Add kubelet metrics for ephemeral containers #99000

verb · 2021-02-11T13:47:56Z

What type of PR is this?

/kind feature
/sig node
/priority important-soon

What this PR does / why we need it:

This adds alpha metrics to the kubelet that track pods and containers under management and counters for container creation. This is part of the Ephemeral Containers (kubernetes/enhancements#277) PRR.

Which issue(s) this PR fixes:

Fixes #97974

Special notes for your reviewer:

As part of code cleanup this slightly changes the format of log messages of particular container types. This isn't necessary and can be reverted, but using the same label in log messages in metrics seems cleaner and more supportable.

Does this PR introduce a user-facing change?

NONE

Additional documentation e.g., KEPs (Kubernetes Enhancement Proposals), usage docs, etc.:

- [KEP]: https://git.k8s.io/enhancements/keps/sig-node/277-ephemeral-containers

verb · 2021-02-11T15:44:01Z

/retest

verb · 2021-02-11T17:06:37Z

I was going to ask @ehashman for advice on these metrics, but I just found sig-instrumentation docs that make me think that I've got it approximately right.

I'll go ahead finish up my TODO to add tests, remove the WIP hold and then submit it for review.

ehashman · 2021-02-11T23:46:08Z

Let me know when this is ready for review and I'll TAL.

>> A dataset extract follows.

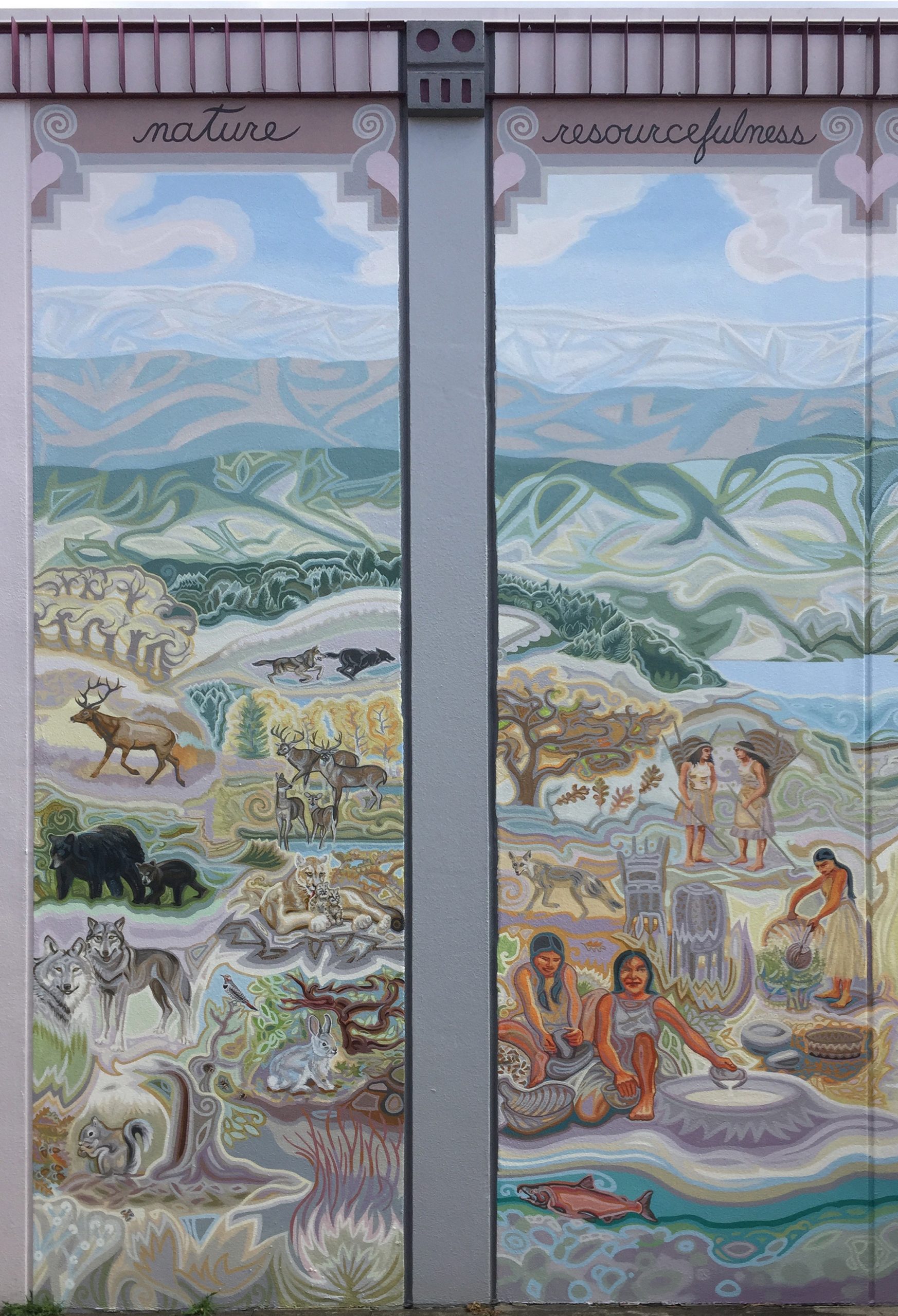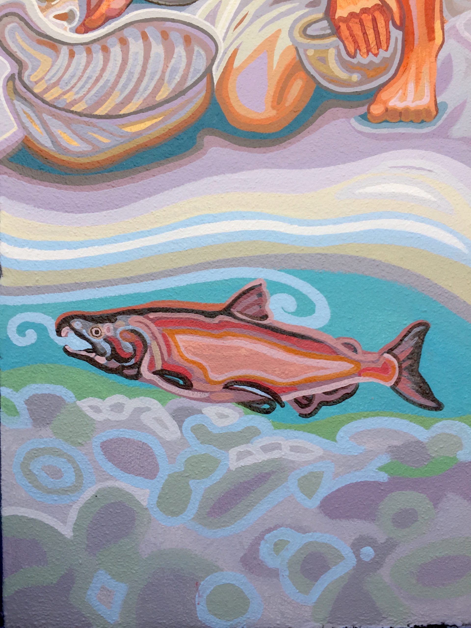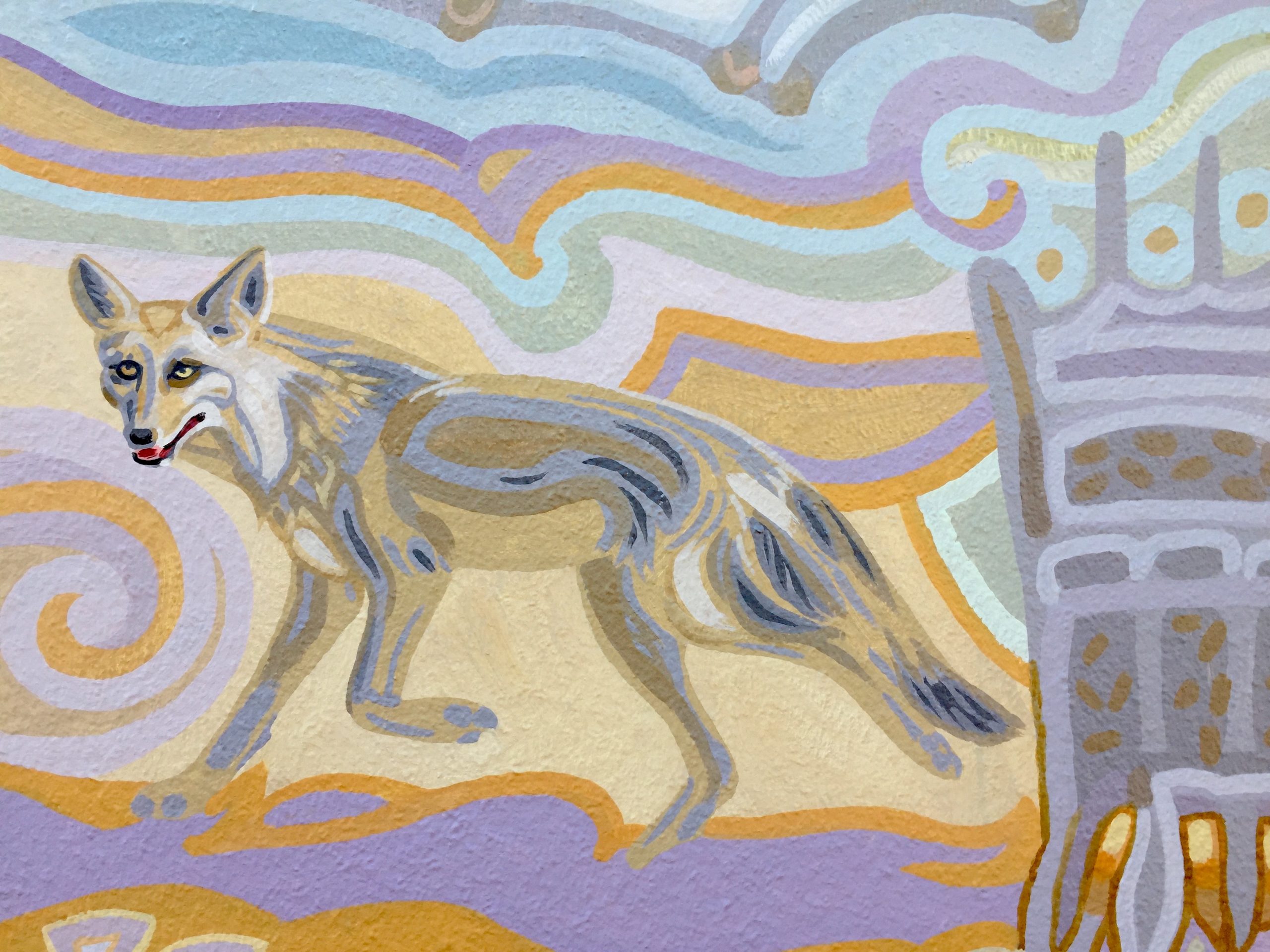 Animals interact with humans and nourish them, represented by a spawning salmon swimming up stream. In Pomo culture, Coyote is the trickster figure, both good and evil, crafty and foolish. Coyote stories have moral meaning and were told only in winter.*

verb · 2021-02-12T15:25:47Z

/retest

verb · 2021-02-12T15:58:12Z

Looks like timeouts that are unrelated to this change

/retest

kikisdeliveryservice · 2021-02-12T17:42:04Z

/triage accepted

verb · 2021-05-25T12:47:43Z

@dashpole Thanks for the guidance here. No, I don't need to compare these two. For ephemeral containers I really only want to answer two questions:

How many ephemeral containers are running on this node?
How many ephemeral containers has this node started? were there errors?

The kubelet discards container type information, so the pod manager was the most convenient place to track the first. It's still unclear on what we want to measure. I plan on bringing it up at tonight's sig-node meetup.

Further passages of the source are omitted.